Concerns about buying a yacht from a private party without a broker

I am buying a yacht in California from a private party without a broker, and the seller’s attorney drafted a two-page purchase agreement. I am a little concerned about whether the agreement adequately addresses the issues that are relevant in this kind of transaction since the agreements that are used by yacht brokers are typically six or seven pages long. I am sure that a lot of the provisions in the longer contracts are designed to protect the broker, but what are some of the issues that I should be looking for in a shorter contract? Also, the seller has asked that I pay a deposit, but he wants to hold the deposit himself rather than depositing the funds in an escrow account. That idea makes me a little nervous since the deposit would need to be returned to me if I reject the boat after it is surveyed. Is there some way that I can protect those funds?

Our reader included a copy of the contract with his letter, and his concerns are legitimate. Yacht brokers typically provide standard form contracts for the transaction, and this is one advantage of using a broker in a yacht purchase transaction. Those contracts may be lengthy, and some of the provisions are in fact designed to protect the broker, but the advantages associated with the use of a form contract far outweigh the disadvantages.

Form contracts have been developed over many years by attorneys who work in a particular industry, and the forms have been tested many times in court. A transaction that is not covered by a form contract may use a contract that was pieced together from various other agreements or haphazardly modified to fit a transaction that it was not intended for. The language of these modified contracts is often so ambiguous that litigation is almost certain to follow if there are any problems at all with the transaction.

We won’t go into the specifics of our reader’s contract, but we can address the provisions that should be included in every vessel purchase contract. Our reader was specifically concerned about the handling of the deposit, so let’s start with that issue, and the related question of how the contingencies such as a sea trial and a survey are handled.

A deposit serves several purposes. It shows the seller that the buyer is serious about the offer, it compensates the seller for removing the boat from the market during the inspection period, and it provides a legal basis for the buyer to compel the seller to complete the transaction after the inspections are completed. The deposit is typically retained by the seller as “liquidated damages in the event that the buyer breaches the contract, but this is where things get complicated. What exactly constitutes a breach of contract by the buyer? What are the circumstances under which the buyer may terminate the contract and recover the deposit?
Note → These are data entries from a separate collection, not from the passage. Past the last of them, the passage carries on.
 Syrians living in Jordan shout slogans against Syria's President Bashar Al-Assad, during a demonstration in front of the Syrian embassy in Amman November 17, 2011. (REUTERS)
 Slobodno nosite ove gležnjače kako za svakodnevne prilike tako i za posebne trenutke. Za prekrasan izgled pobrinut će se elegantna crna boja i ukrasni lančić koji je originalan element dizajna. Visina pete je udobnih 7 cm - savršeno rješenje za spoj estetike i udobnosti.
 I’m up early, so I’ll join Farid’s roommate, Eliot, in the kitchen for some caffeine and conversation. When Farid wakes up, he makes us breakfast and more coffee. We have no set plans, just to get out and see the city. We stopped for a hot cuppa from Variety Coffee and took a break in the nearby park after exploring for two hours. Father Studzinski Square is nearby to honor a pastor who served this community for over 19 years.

These points must be carefully spelled out in the purchase contract.

The deposit is held by the buyer (or the broker) during the contingency period to allow the buyer to inspect the boat and satisfy other contingencies, such as arranging for financing. What exactly are the contingencies, and what are the deadlines for satisfying the contingencies? How are the inspections conducted? What if the boat is damaged in the course of a marine survey or sea trial? How and when does the buyer need to communicate the findings of he survey to the seller? These are issues that must be addressed in the purchase contract.

Holding a deposit for a yacht purchase in escrow may be problematic. Licensed escrow agencies are reluctant to accept funds for a yacht purchase because they are not familiar with the title transfer and lien-recording procedures for vessels. Yacht brokers in California are authorized by statute to hold funds in trust in connection with a yacht purchase transaction, but this option is not available in a private-party transaction without a broker. If the parties are represented by attorneys, they may be able to use an attorney trust account, but this can be expensive. Regardless of who holds the funds, instructions for the release or transfer of those funds must be spelled out clearly and unambiguously in the purchase agreement or in a separate escrow agreement.
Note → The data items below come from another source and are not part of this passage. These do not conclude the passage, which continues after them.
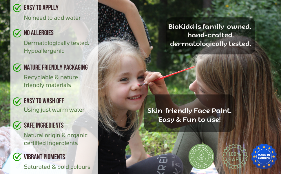 BioKidd’s Natural Face and Body Paint Kit features three organic-certified cream colors (green, brown, black) designed for sensitive skin. This hypoallergenic, quick-drying formula is easy to apply and remove, making it ideal for kids and adults alike. Made in the EU with premium raw materials, it’s perfect for events from sports games to Halloween, delivering safe, vibrant camouflage with zero hassle.
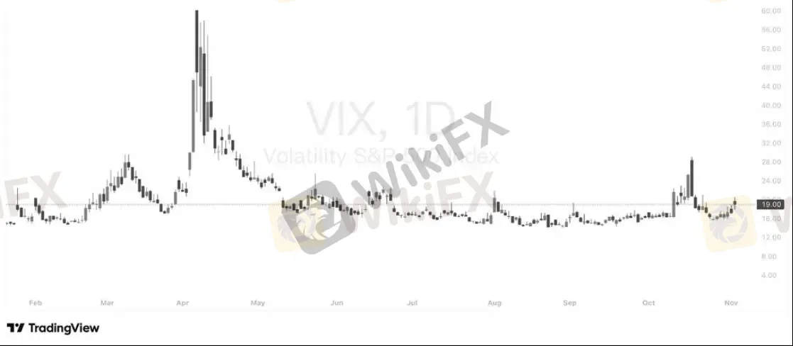 尽管全球股市出现明显回调,VIX指数仅小幅反弹约10%,至19附近,显示市场整体避险情绪依然温和。相较于4月与10月高波动时期的急剧飙升,本轮波动率反应明显偏弱,反映出投资人对风险事件的预期可控,以及系统性抛售情绪尚未形成。若VIX持续受限于20以下区间,意味着当前下跌或仍属技术性调整,而非恐慌性抛售。但若后续突破22–24区间,才可能引发更深层的避险浪潮。
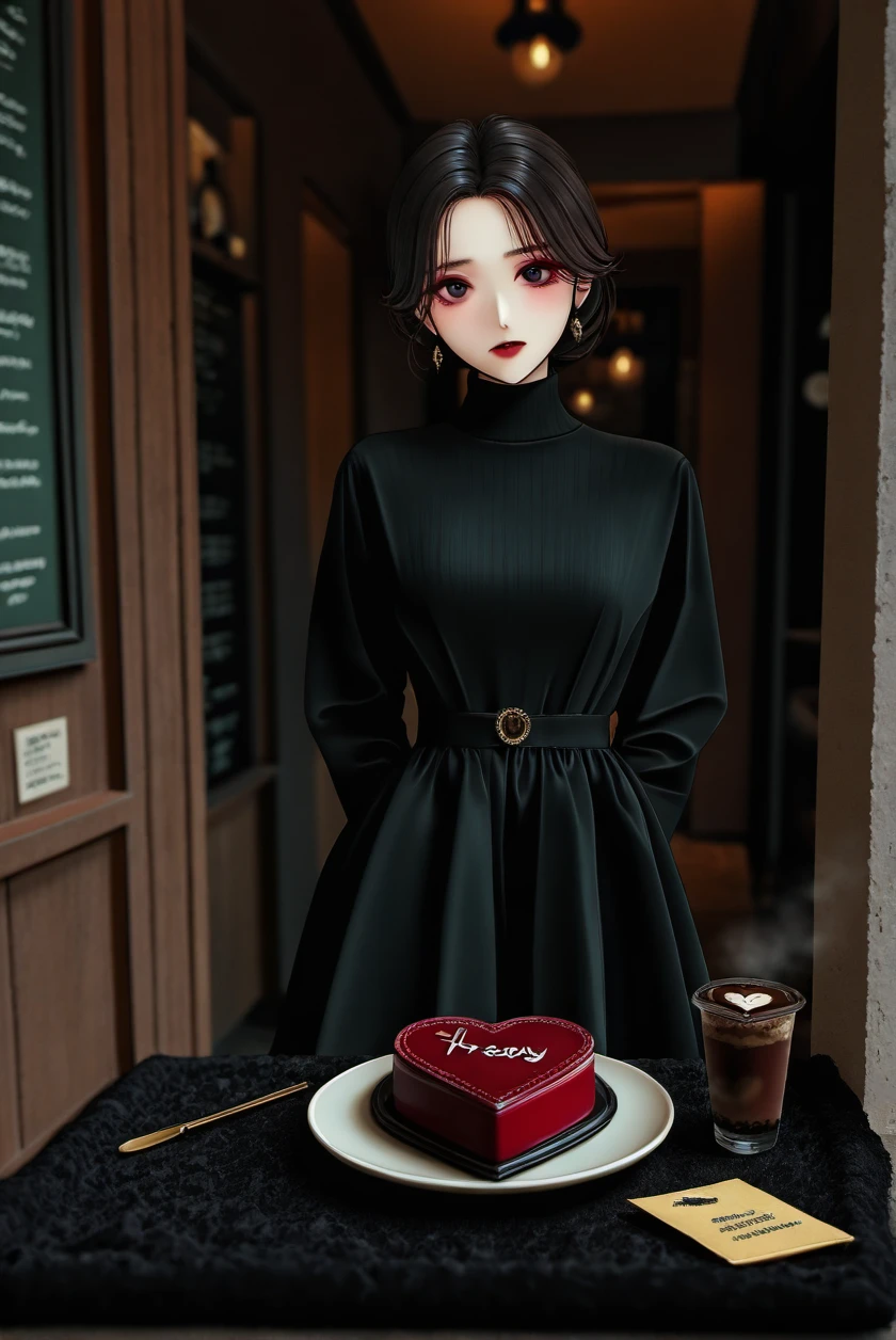 Say Happy Valentine's Day to your fave BTGG in the best possible way - red rose petals sprinkled like drops of blood over a black heart-shaped chocolate cake, laid on an altar stone draped with crushed black velvet.

A well-drafted purchase agreement also must include provisions for the seller to transfer title, free of liens and encumbrances, to the buyer, and it must provide relief to the buyer if undisclosed liens or other title problems are discovered after the sale. And the agreement must provide for a host of other details. When, where and how will the boat be delivered to the buyer? Who is responsible for property tax assessed for the year the sale takes place? What forum will be used to handle legal disputes?

This is, of course, not a complete list of the issues that need to be addressed in a yacht purchase transaction, but it should be evident that a two-page contract will not cover everything that needs to be addressed. A yacht purchase is a complicated transaction, and the purchase contract provides a road map for the parties to help navigate those issues. Buyers and sellers should consult with an experienced attorney if the transaction is conducted without the assistance of a broker.